Given data ::
● ● ● ● ● ● ●

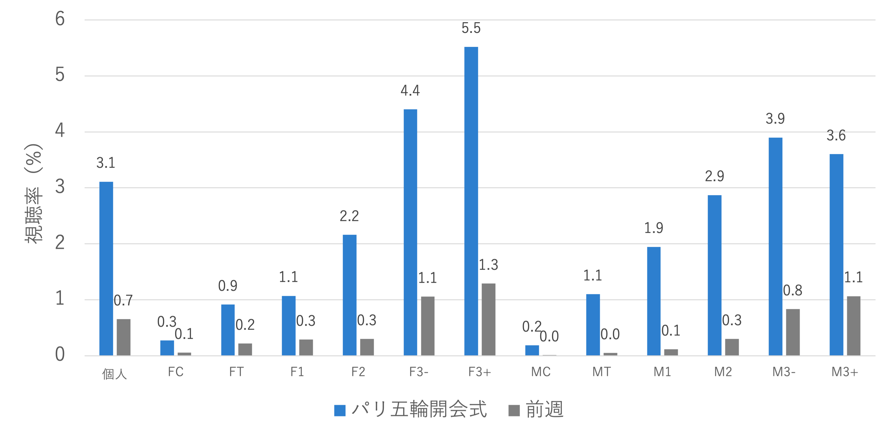 全ての性年代で前週の視聴率を大きく上回り、中でもF3+の視聴率が最も高く5.5%となりました。また、若年層(FT, F1, F2, MT, M1, M2)は前週時点では0.5%未満という非常に低い視聴率だったにも関わらず、今回1〜3%程度の視聴率となっており、オリンピックが幅広い年齢層に訴求できるコンテンツであることが伺えます。
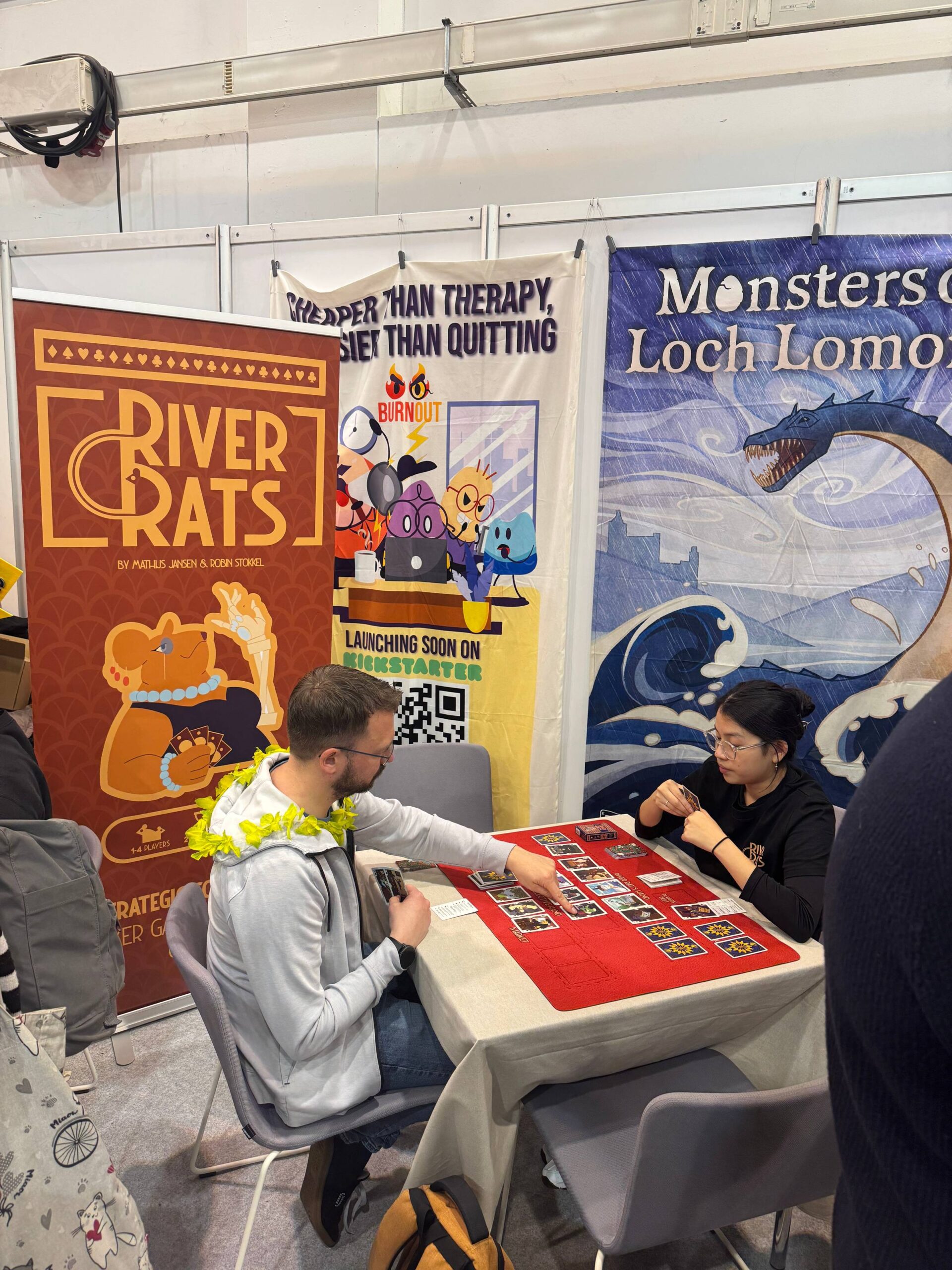 The days at Spiel are all pretty similar and consist of attending the pre-booked meetings, demoing River Rats or Monsters of Loch Lomond, selling the games, and going by some booths of publishers who I hadn’t managed to get in touch with before the con.
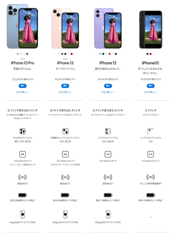 パソコン初心者にとって、パソコン購入の前に立ちはだかる壁が”スペック”です。皆さんはスマホを購入する際にどのくらい性能を考慮に入れますか?ほとんどの方は画面の大きさ、ベゼルの小ささなどのデザインを重視して、スマホ内部のコンピュータの性能を考慮に入れないと思います。しかし、スマホのスペックを考慮に入れなくても、内部のコンピュータが限界を超えないように設計されているため、どんなアプリでもカクカクせずに楽しめると思います。Appleの公式サイトでスペックを見てもらえばわかりますが、”あるか無いか”の機能が多く、比較しやすいですね。
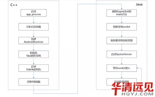 所以應該從底層開始啟動,首先是 bootloader, kernel , java庫 jvm初始化, framework初始化,app初始化,由下往上依次進行.
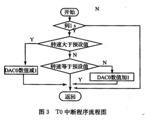 本系統采用C8051F060中的INT0中斷對轉速脈沖計數。定時器T1工作于外部事件計數方式對轉速脈沖計數;T0工作于定時器方式均工作于方式1。每到1 s讀一次計數值,此值即為脈沖信號的頻率,根據式(1)可計算出電機的轉速。由于直流電機的轉速與施加工于電機兩端的電壓大小有關,故將實際測得的轉速值與預設的轉速值比較,若大于預設的轉速值則減小DAC0的數值,若小于轉速預設的轉速值則增加DAC0的值調整電機的轉速,直到轉速值等于預設定的值,這樣就實現了對電機轉速的控制,主程序和T0中斷流程圖如圖2、3所示。
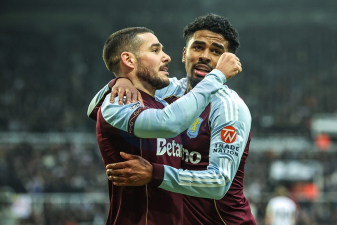 Emi Buendia of Aston Villa celebrates his goal to make it 0-1 during the Premier League match Newcastle United vs Aston Villa at St. James's Park, Newcastle, United Kingdom, 25th January 2026, Credit:Mark Cosgrove/News Images / Avalon
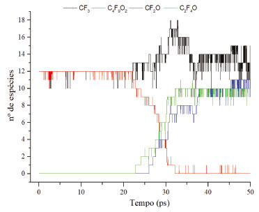 ![]() Figura 7. Simulação da decomposição térmica do PFPE realizada no LAMMPS. Condições da análise: Faixa de temperatura 0 a 3500 K, processo de 50 ps sob atmosfera de ar sintético
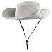 One Size Fits Most: Head Circumstance about: 22.04-22.83", Hat Height: 3.54", Wide Brim Length: 2.36", you can easily adjust the size for optimal fit with the elastic drawstring buckle behind the fishing hat. The ventilation eyes on both sides of the cap keep your head breathe. Adjustable detachable chin strap ensures your hat will not be lost on a windy day.
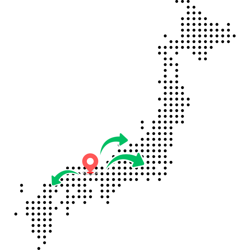 関西圏を中心に、輸送内容に応じて四国・北陸・中部まで対応しています。(西は広島、東は静岡、北は石川まで)
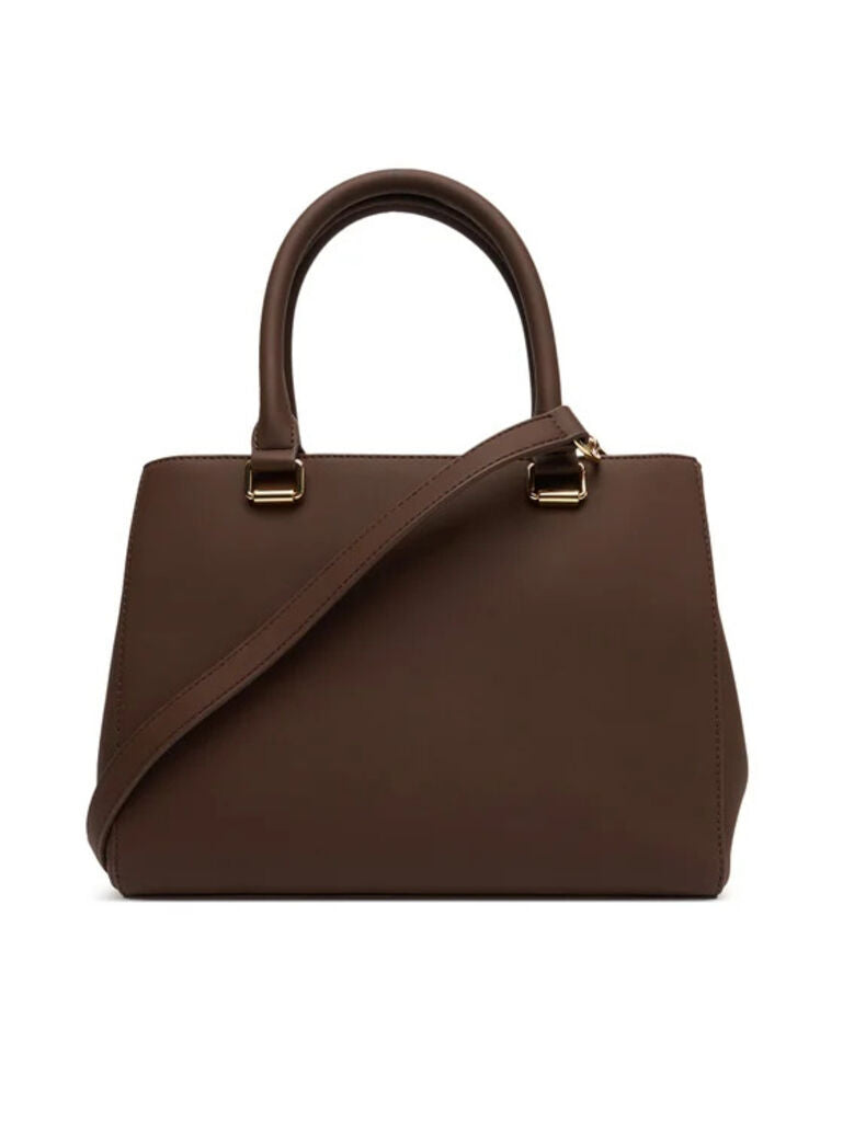 Experience elegant versatility with this brown tote bag, featuring bold logo embossing. Its structured shape and dual handles provide both style and function for any occasion.
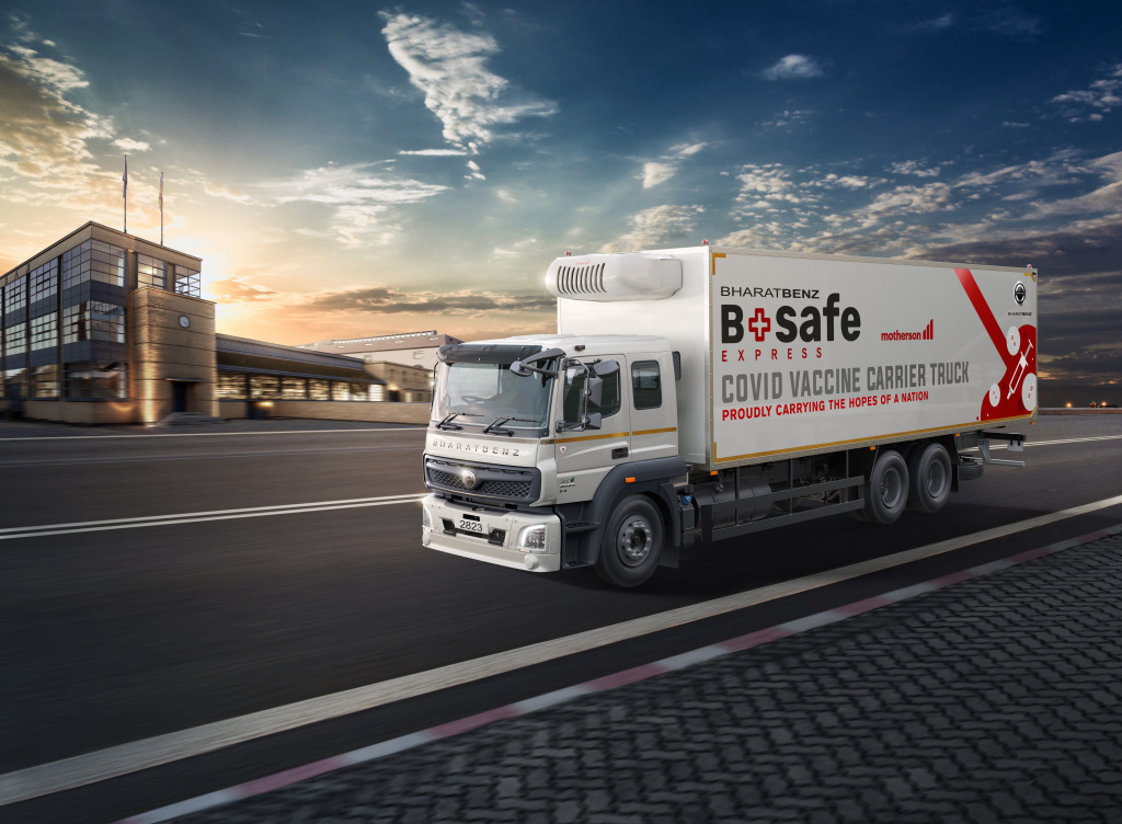 Предприятие Daimler India Commercial Vehicles (DICV) показало специализированный рефрижераторный грузов BharatBenz "BSafe Express", предназначенный для безопасной транспортировки вакцин от COVID-19

● ● ● ● ● ● ●

What to do :: Leaving out every picture, repeat the records above exactly as they stand.

Written solution ::
 全ての性年代で前週の視聴率を大きく上回り、中でもF3+の視聴率が最も高く5.5%となりました。また、若年層(FT, F1, F2, MT, M1, M2)は前週時点では0.5%未満という非常に低い視聴率だったにも関わらず、今回1〜3%程度の視聴率となっており、オリンピックが幅広い年齢層に訴求できるコンテンツであることが伺えます。
 The days at Spiel are all pretty similar and consist of attending the pre-booked meetings, demoing River Rats or Monsters of Loch Lomond, selling the games, and going by some booths of publishers who I hadn’t managed to get in touch with before the con.
 パソコン初心者にとって、パソコン購入の前に立ちはだかる壁が”スペック”です。皆さんはスマホを購入する際にどのくらい性能を考慮に入れますか?ほとんどの方は画面の大きさ、ベゼルの小ささなどのデザインを重視して、スマホ内部のコンピュータの性能を考慮に入れないと思います。しかし、スマホのスペックを考慮に入れなくても、内部のコンピュータが限界を超えないように設計されているため、どんなアプリでもカクカクせずに楽しめると思います。Appleの公式サイトでスペックを見てもらえばわかりますが、”あるか無いか”の機能が多く、比較しやすいですね。
 所以應該從底層開始啟動,首先是 bootloader, kernel , java庫 jvm初始化, framework初始化,app初始化,由下往上依次進行.
 本系統采用C8051F060中的INT0中斷對轉速脈沖計數。定時器T1工作于外部事件計數方式對轉速脈沖計數;T0工作于定時器方式均工作于方式1。每到1 s讀一次計數值,此值即為脈沖信號的頻率,根據式(1)可計算出電機的轉速。由于直流電機的轉速與施加工于電機兩端的電壓大小有關,故將實際測得的轉速值與預設的轉速值比較,若大于預設的轉速值則減小DAC0的數值,若小于轉速預設的轉速值則增加DAC0的值調整電機的轉速,直到轉速值等于預設定的值,這樣就實現了對電機轉速的控制,主程序和T0中斷流程圖如圖2、3所示。
 Emi Buendia of Aston Villa celebrates his goal to make it 0-1 during the Premier League match Newcastle United vs Aston Villa at St. James's Park, Newcastle, United Kingdom, 25th January 2026, Credit:Mark Cosgrove/News Images / Avalon
 ![]() Figura 7. Simulação da decomposição térmica do PFPE realizada no LAMMPS. Condições da análise: Faixa de temperatura 0 a 3500 K, processo de 50 ps sob atmosfera de ar sintético
 One Size Fits Most: Head Circumstance about: 22.04-22.83", Hat Height: 3.54", Wide Brim Length: 2.36", you can easily adjust the size for optimal fit with the elastic drawstring buckle behind the fishing hat. The ventilation eyes on both sides of the cap keep your head breathe. Adjustable detachable chin strap ensures your hat will not be lost on a windy day.
 関西圏を中心に、輸送内容に応じて四国・北陸・中部まで対応しています。(西は広島、東は静岡、北は石川まで)
 Experience elegant versatility with this brown tote bag, featuring bold logo embossing. Its structured shape and dual handles provide both style and function for any occasion.
 Предприятие Daimler India Commercial Vehicles (DICV) показало специализированный рефрижераторный грузов BharatBenz "BSafe Express", предназначенный для безопасной транспортировки вакцин от COVID-19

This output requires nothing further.